YOUR INSTRUCTIONS — Set down, character for character, everything in the records below from the line holding "JA全農が運営する産地直送通" down to the line holding "しかし開業からまだ10年も経", and no other line.

DATASET EXTRACT —
────────────────────

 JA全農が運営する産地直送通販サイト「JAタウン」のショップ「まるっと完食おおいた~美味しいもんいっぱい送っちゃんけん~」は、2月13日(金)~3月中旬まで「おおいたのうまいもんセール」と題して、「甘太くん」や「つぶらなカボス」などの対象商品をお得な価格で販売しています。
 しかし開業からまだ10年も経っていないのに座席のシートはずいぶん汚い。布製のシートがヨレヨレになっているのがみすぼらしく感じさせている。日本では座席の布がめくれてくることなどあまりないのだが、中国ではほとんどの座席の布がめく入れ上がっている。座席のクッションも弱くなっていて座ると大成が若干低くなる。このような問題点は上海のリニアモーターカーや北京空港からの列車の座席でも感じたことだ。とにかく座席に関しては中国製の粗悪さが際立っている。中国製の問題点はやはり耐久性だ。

────────────────────

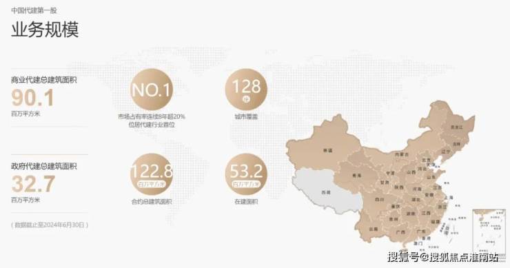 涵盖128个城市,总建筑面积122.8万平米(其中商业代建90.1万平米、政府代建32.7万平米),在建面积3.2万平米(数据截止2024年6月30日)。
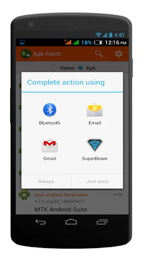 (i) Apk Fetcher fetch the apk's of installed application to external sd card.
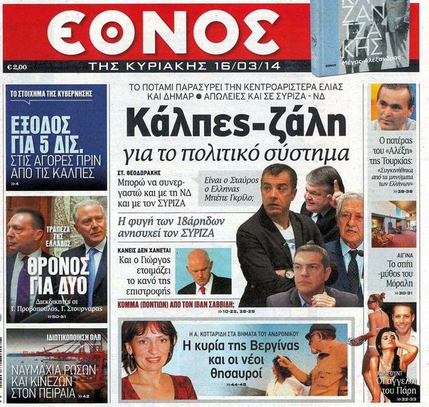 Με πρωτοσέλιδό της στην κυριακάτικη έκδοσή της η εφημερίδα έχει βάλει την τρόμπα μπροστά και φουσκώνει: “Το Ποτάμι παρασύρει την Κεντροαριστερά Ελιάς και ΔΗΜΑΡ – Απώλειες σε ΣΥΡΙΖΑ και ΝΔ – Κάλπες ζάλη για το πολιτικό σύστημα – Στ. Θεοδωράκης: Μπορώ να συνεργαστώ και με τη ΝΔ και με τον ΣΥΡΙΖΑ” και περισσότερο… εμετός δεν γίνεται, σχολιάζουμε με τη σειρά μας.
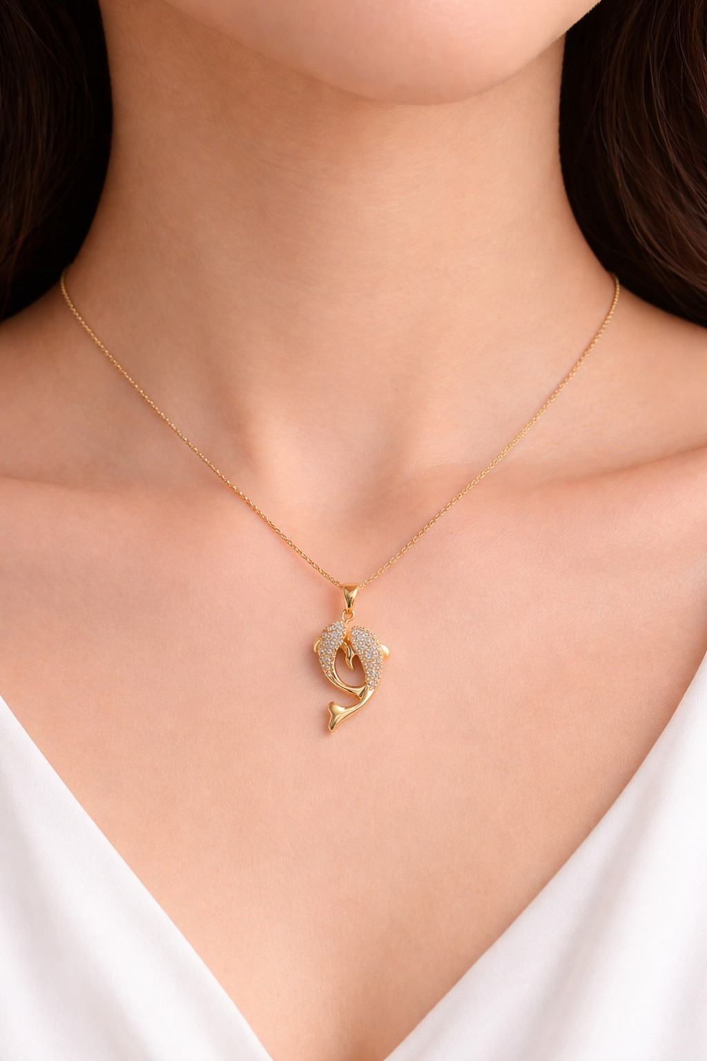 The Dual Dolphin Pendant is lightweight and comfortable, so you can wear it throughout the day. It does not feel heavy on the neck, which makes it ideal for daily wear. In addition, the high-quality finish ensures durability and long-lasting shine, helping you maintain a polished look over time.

────────────────────

SOLUTION TO THIS EXERCISE —
 JA全農が運営する産地直送通販サイト「JAタウン」のショップ「まるっと完食おおいた~美味しいもんいっぱい送っちゃんけん~」は、2月13日(金)~3月中旬まで「おおいたのうまいもんセール」と題して、「甘太くん」や「つぶらなカボス」などの対象商品をお得な価格で販売しています。
 しかし開業からまだ10年も経っていないのに座席のシートはずいぶん汚い。布製のシートがヨレヨレになっているのがみすぼらしく感じさせている。日本では座席の布がめくれてくることなどあまりないのだが、中国ではほとんどの座席の布がめく入れ上がっている。座席のクッションも弱くなっていて座ると大成が若干低くなる。このような問題点は上海のリニアモーターカーや北京空港からの列車の座席でも感じたことだ。とにかく座席に関しては中国製の粗悪さが際立っている。中国製の問題点はやはり耐久性だ。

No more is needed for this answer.